The importance of Rhodes Tavern to District residents is that its unique history demonstrates that the issues of democracy, home rule and representation in Congress have been around for more than 200 years. District residents have always wanted the blessings of liberty granted to the citizens of the 50 States. They continue to seek those blessings, including representation in Congress.
This year has three important bicentennial dates for the District. May 3 was the 200th anniversary of President Thomas Jefferson signing an Act of Congress authorizing an elected Council for the old City of Washington. June 7th is the 200th anniversary of the first election of that Council. Finally, June 14th will be the 200th anniversary of the first meeting of that Council, which held its meetings in the U. S. Capitol.
Next Friday, June 14, the present Council will hold a ceremonial meeting in the U. S. Capitol to commemorate the first Council (call Councilmember Jack Evans for more information: 202-724-8058).
Also, next Friday, a petition for D. C. voting rights in Congress will be submitted to Congress.

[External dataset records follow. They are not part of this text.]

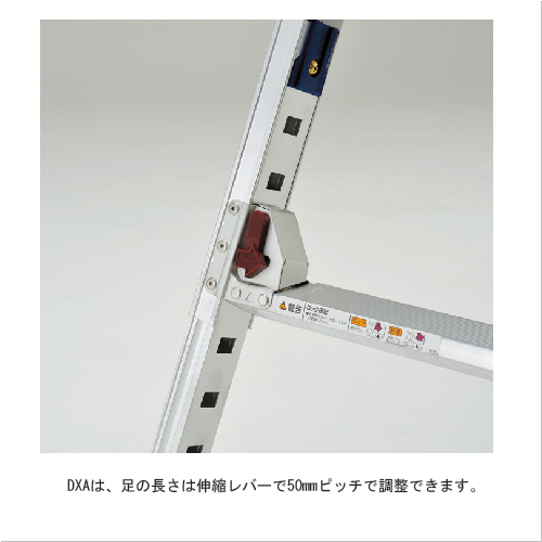 [型式]DXA-10B[天場の高さ]0.73〜1.07m [天場寸法]昇降面500×長さ1563mm [設置下端寸法]昇降面683〜768×長さ2088〜2267mm [保管収納寸法]長さ1685×685×150mm [質量]17.1kg [最大使用質量]150kg 購入に関する注意事項 代表画像を表示しています。 特長 ・仮設工業会認定合格品のタフな業務用足場台 ・現場のニーズに対応した500mm幅タイプ ・回転収納式手掛り棒を4本標準装備(DXA-13BT、15BT、18BTのみ) ・折りたたみ式ですので運搬時や収納時にスペースをとりません ・脚の長さは伸縮レバーで、50mmピッチで調整できます
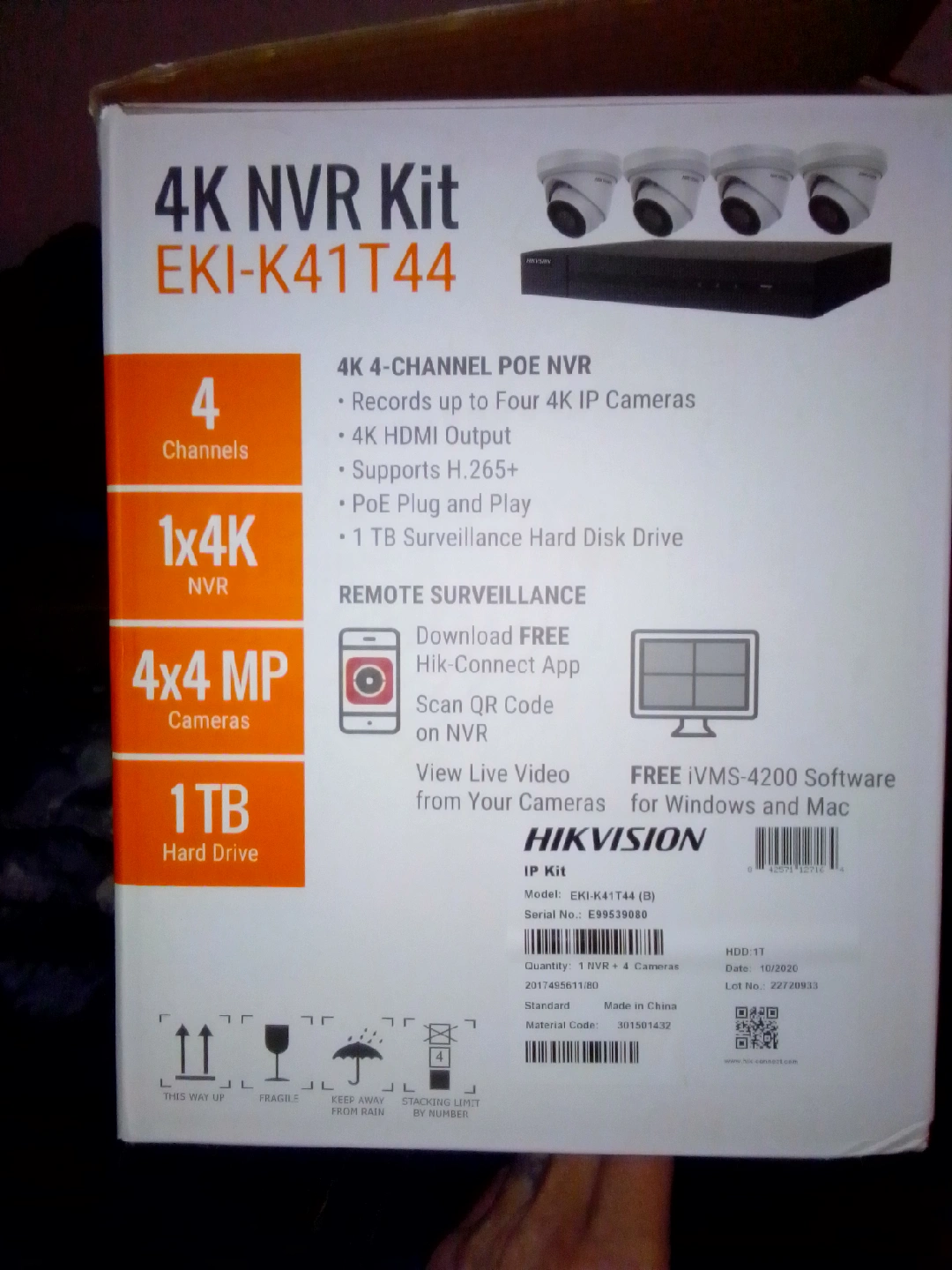 Selling a Hikvision 4K NVR Kit, model EKI-K41T44. It's a 4-channel PoE NVR that records up to four 4K IP cameras. It also has a 4K HDMI output and supports H.265+. This kit includes a 1 TB surveillance hard drive for recording your footage. Great for home or business security!
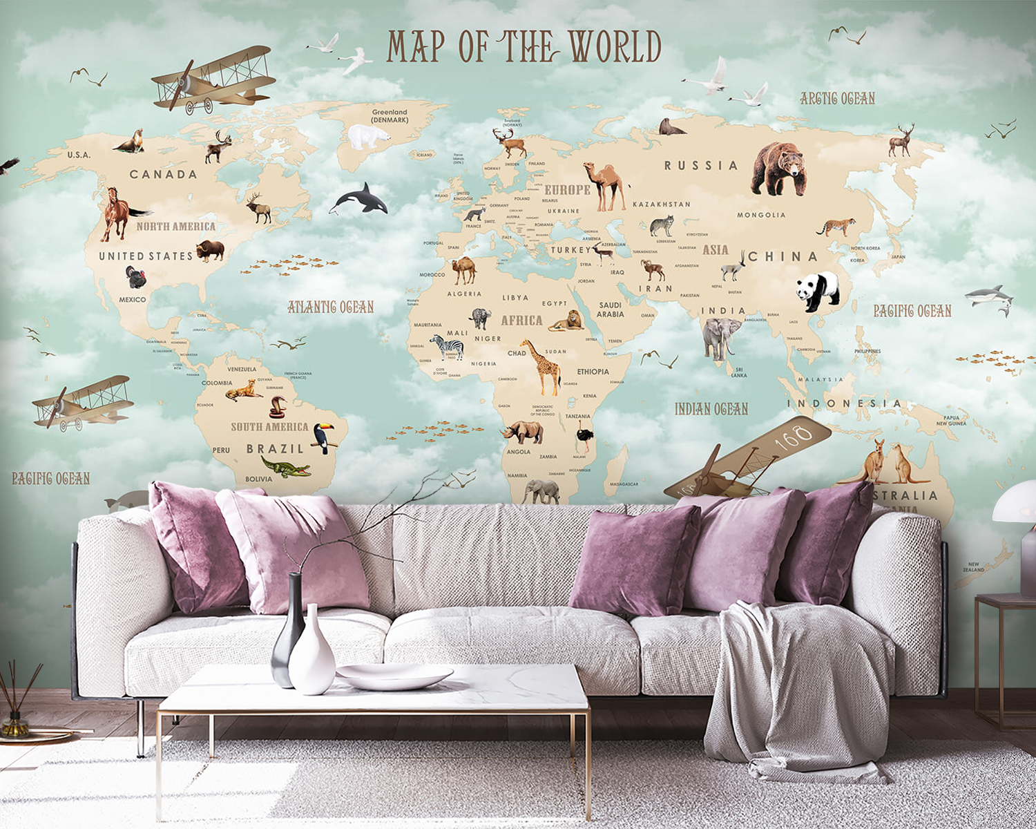Vďaka jemným zemitým tónom a pôvabným ilustráciám zvierat nie je určený len pre najmenších, ale je príjemným podnetom na rozhovor pre každého. Predstavte si to: vojdete dnu a váš pohľad spočinie na Číne s jej pandami, majestátnych orloch vznášajúcich sa nad Severnou Amerikou, aha, je tu aj Austrália so svojimi hravými klokanmi. Je to určite náučné, ale aj rozmarné pozadie, ktoré podnecuje príbehy a sny.
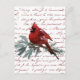 Cartão Postal Feriado Natal Red Cardinho Bird Script Francês
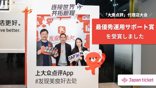 インバウンド集客向けeチケット管理システム「Japan ticket」を展開する株式会社Japanticket(本社:東京都渋谷区、代表取締役:田中宏彰、以下、Japanticket)は、2025年1月に中国・上海で行われた「大衆点評」の海外代理店大会にて、2年連続となる「最優秀運用サポート賞」を受賞したことをお知らせいたします。
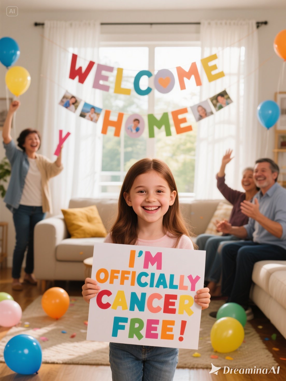 Yesterday, she called crying with joy. “Charlotte’s in remission!” she said. I cried too. She even sent me a photo—Charlotte smiling, holding a sign: “I’m officially cancer free!”
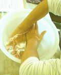 | セルフケア1.手浴/ハンドバス 手の血行がよくなると、肩の緊張もほぐれてきます。 用意するもの: 精油・・・3滴 お湯・・・手首がつかるくらいの量 洗面器 やりかた: 1.洗面器にお湯(40-45℃が目安)をはります。 2.お湯の中に精油をおとし、よく混ぜます。 3.手首までお湯につけて、10分程度温めます。 |

A press conference will be held on June 14 at 12:00 noon in the Upper Senate Park. It was from a citizens' meeting at Rhodes Tavern that one of the first petitions for voting rights and self-government for the District of Columbia emanated in 1801.
After a six-year effort to save it and have it incorporated into the Metropolitan Square development, the Rhodes Tavern was demolished in 1984. The Oliver T. Carr Company turned down all requests to save the Tavern on its historic site. In 1983, a ballot initiative to preserve it was overwhelmingly approved by District voters. Unfortunately, the D.C. Courts nullified the initiative to save Rhodes Tavern. The building was torn down on September 10, 1984, and Metropolitan Square was built. Subsequently, Metropolitan Square was sold to Boston Properties, the present owner. Mortimer Zuckerman, Chairman of Boston Properties, approved the placing of the first plaque in 1999, the 200th anniversary of the construction of Rhodes Tavern. That plaque outlines the history of the Tavern. The second plaque, also approved by Boston Properties, depicts how the building appeared in 1802 and shows the original Treasury building in the background. It is based on a watercolor by renowned local artist, Ken Frye. This painting will be present at the dedication.